Nilai yang kudapat ternyata lumayan. Nilaiku berada di peringkat kedua dari seluruh peserta yang
berasal dari daerahku. Sementara tes wawancara tidak terlalu sulit. Penguji hanya menguji kemampuan
membaca Kalam-Nya dan problem solving. Aku pun merasa optimis dengan nilai yang kuperoleh. Hingga
tiba saat pengumuman, ternyata namaku kembali tidak tercantum sebagai pemenang dalam kompetisi
ini. Kenyataan ini tentu saja menyisakan kekecewaan di sudut hatiku. Sungguh sebuah potret kompetisi
yang sangat tidak indah!

Tapi baiklah. Semua sudah terjadi. Piala sudah diserahkan kepada pemenang. Meski skor
pertandingan menunjukkan bahwa si penerima piala bukanlah pemenang yang sebenarnya. Hidup
harus terus berjalan. Kebahagiaan hati tidak boleh dirusak oleh kekecewaan yang berlarut-larut. Kini
tekadku sudah bulat, tahun depan aku tak akan mengikuti lagi kompetisi yang penuh sandiwara ini. Ya,
dunia memang hanyalah panggung sandiwara, seperti petikan lagu yang disenandungkan oleh Ahmad
Albar.

Apa hikmah yang bisa dipetik dari peristiwa ini? Meniti jalan lurus pasti tidak akan sepi dari onak
dan duri. Menjunjung tinggi integritas dan idealisme pasti penuh risiko dan bahaya. Adanya onak dan
duri serta risiko dan bahaya merupakan ujian seberapa teguh seseorang meniti jalan lurus yang telah ia
pilih.

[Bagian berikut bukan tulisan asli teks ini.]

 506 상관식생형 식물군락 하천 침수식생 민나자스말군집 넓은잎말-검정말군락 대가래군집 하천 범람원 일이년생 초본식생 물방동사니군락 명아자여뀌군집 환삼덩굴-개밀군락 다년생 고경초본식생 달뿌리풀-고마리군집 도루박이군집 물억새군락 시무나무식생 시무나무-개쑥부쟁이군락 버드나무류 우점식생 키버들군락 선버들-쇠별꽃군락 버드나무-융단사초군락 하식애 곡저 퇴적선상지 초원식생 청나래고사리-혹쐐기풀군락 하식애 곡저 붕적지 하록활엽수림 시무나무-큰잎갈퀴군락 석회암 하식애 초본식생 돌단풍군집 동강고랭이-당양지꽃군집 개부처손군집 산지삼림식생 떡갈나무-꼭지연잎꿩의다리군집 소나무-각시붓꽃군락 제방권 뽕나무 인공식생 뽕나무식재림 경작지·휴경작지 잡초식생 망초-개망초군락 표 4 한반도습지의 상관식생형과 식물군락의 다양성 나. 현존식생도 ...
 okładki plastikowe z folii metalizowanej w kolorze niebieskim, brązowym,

Jika integritas dan idealisme hanya bersifat artifisial dan pencitraan semata, ia akan sirna dan
kalah saat bertemu dengan risiko dan bahaya.

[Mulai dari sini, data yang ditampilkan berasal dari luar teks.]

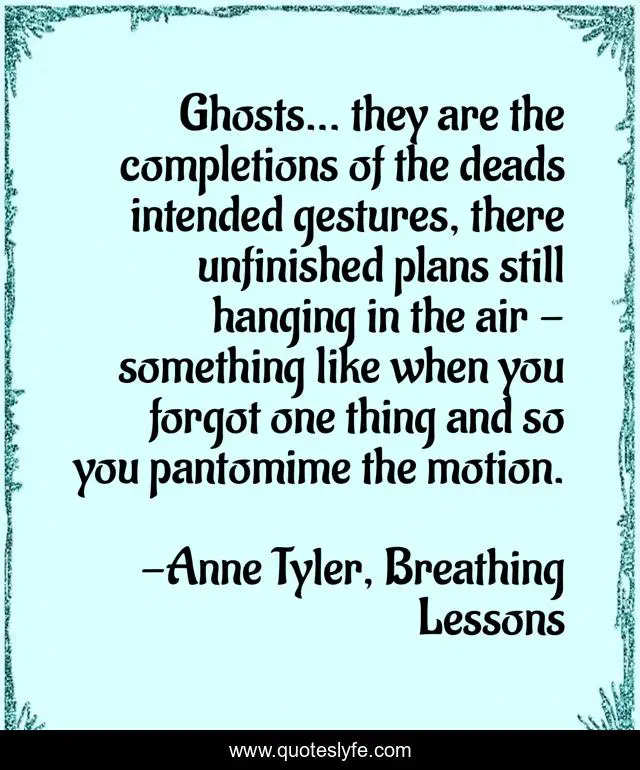 This page presents the quote "Ghosts... they are the completions of the deads intended gestures, there unfinished plans still hanging in the air - something like when you forgot one thing and so you pantomime the motion.". Author of this quote is Anne Tyler, Breathing Lessons. This quote is about inspirational-attitude, ghosts, life,.

Namun jika integritas dan idealisme telah menjadi pilihan hidup yang telah berurat berakar di
dalam jiwa, ia tetap akan ada mesti banyak rintangan melintang di depan mata. Integritas bukanlah
kegenitan yang mengharap pujian dan sanjungan. Integritas dan idealisme bukanlah suatu pajangan
yang harus dipamerkan dan dibanggakan. Biarlah ia menjadi perhiasan hati yang kilaunya hanya bisa
dilihat oleh Tuhan dan orang-orang yang memiliki mata hati.